# Task statement
Starting at the top of the entries below, write out each line up to and including the one containing "Sports Massage Dubai: Your". Leave the pictures out.

# Records for processing
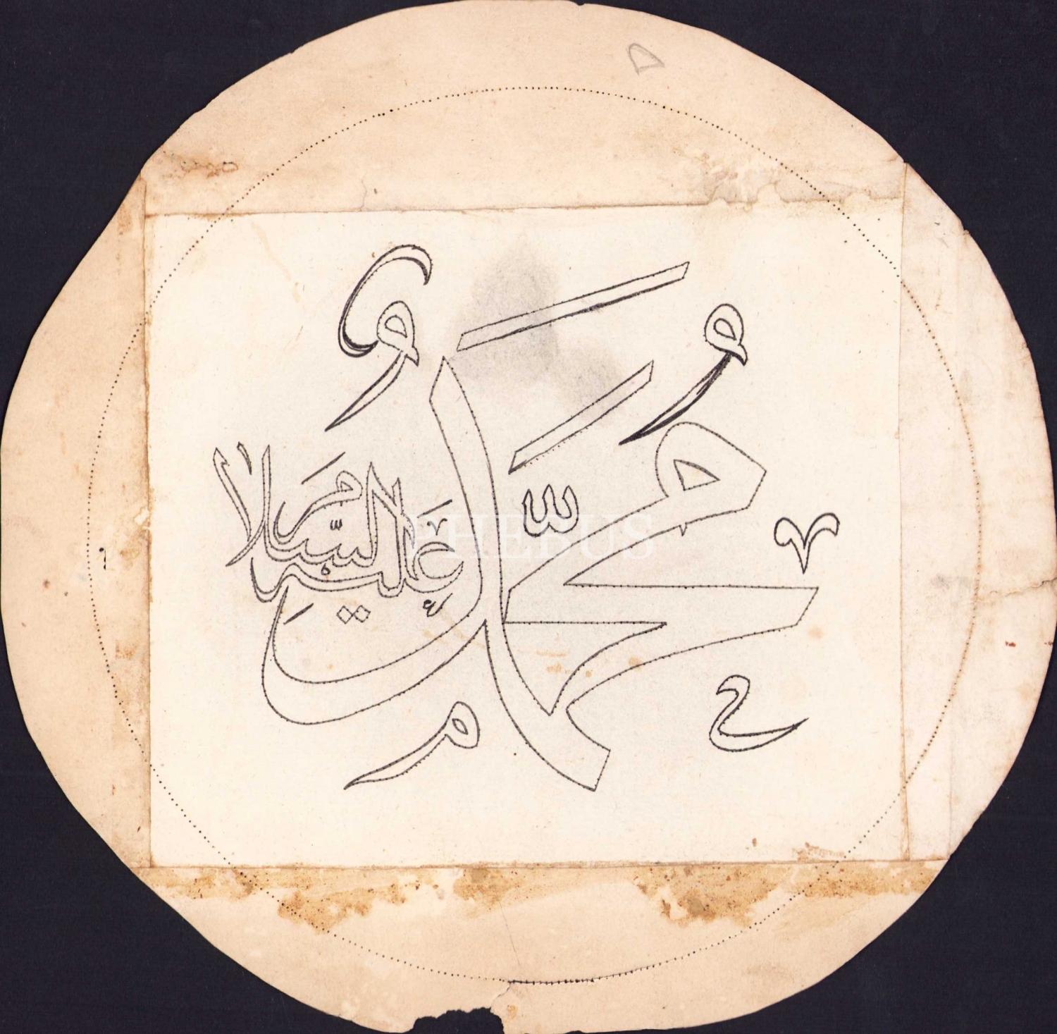 Sülüs yazı kalıbı, iğneli, "Muhammed Aleyhisselam", 21 cm
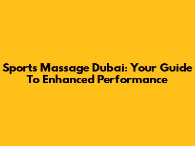 Sports Massage Dubai: Your Guide To Enhanced Performance
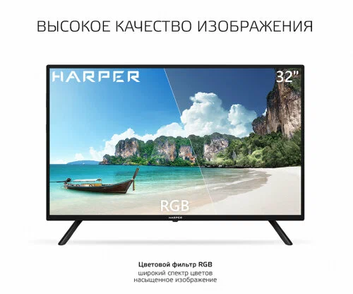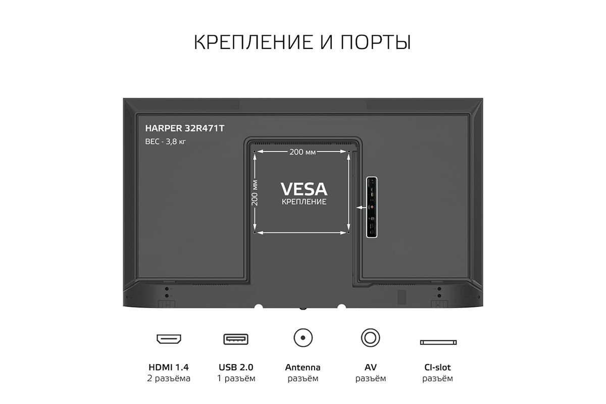 Harper 32R471T – это компактный, функциональный и ультратонкий жидкокристаллический телевизор, предоставляющий практически все современные возможности для работы с медиаконтентом. Телевизор поддерживает аналоговое, цифровое эфирное и цифровое кабельное вещание. Его также можно подключить к другим внешним устройствам (плееры, приставки, консоли для игр и т.п.). С ним вы сможете обойтись без стороннего медиаплеера. К встроенному порту USB можно подключать жесткие диски или накопители USB-Flash с записанными на них видео, музыкой, изображениями или даже текстом. Эфир любимого канала/программы легко и просто записать с линии (должен быть подключен высокоскоростной диск) или по заранее определенному расписанию. Вам доступны: удобный интерфейс на русском языке, поддержка телетекста, управление доступом и многое другое.
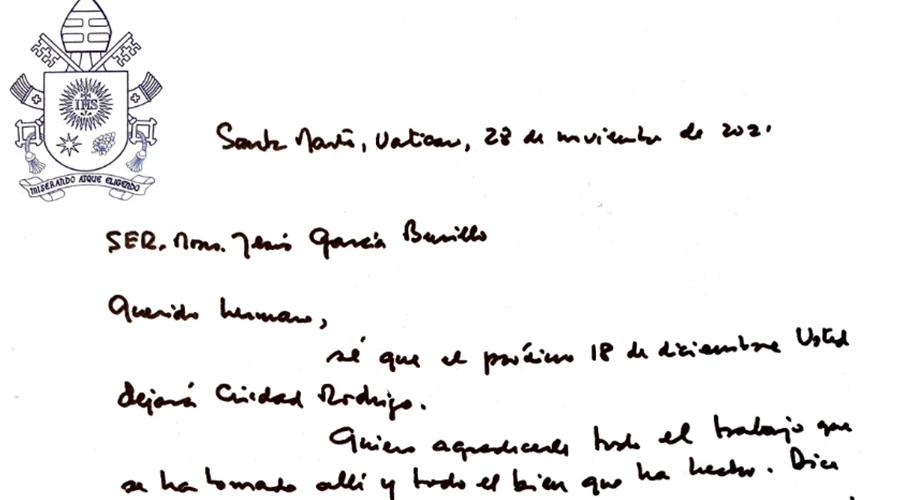 El Papa quiso agradecerle a través de una carta “todo el trabajo que se ha tomado allí y todo el bien que ha hecho”.
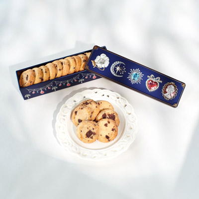 宝石箱のような深い青の缶には、チョコレートとバターの香りが広がるサブレショコラが詰まっています。
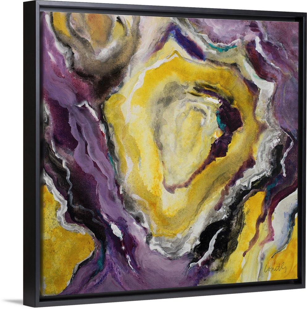 <p>Square abstract painting of quartz showing the purple, gold, white, and black agate.</p>
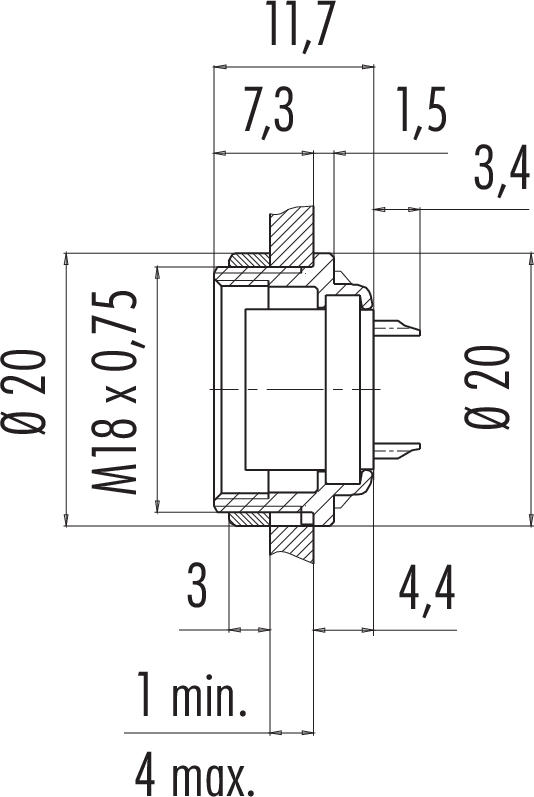 Polzahl: 16, nicht schirmbar, löten, IP40

# Expected answer
 Sülüs yazı kalıbı, iğneli, "Muhammed Aleyhisselam", 21 cm
 Sports Massage Dubai: Your Guide To Enhanced Performance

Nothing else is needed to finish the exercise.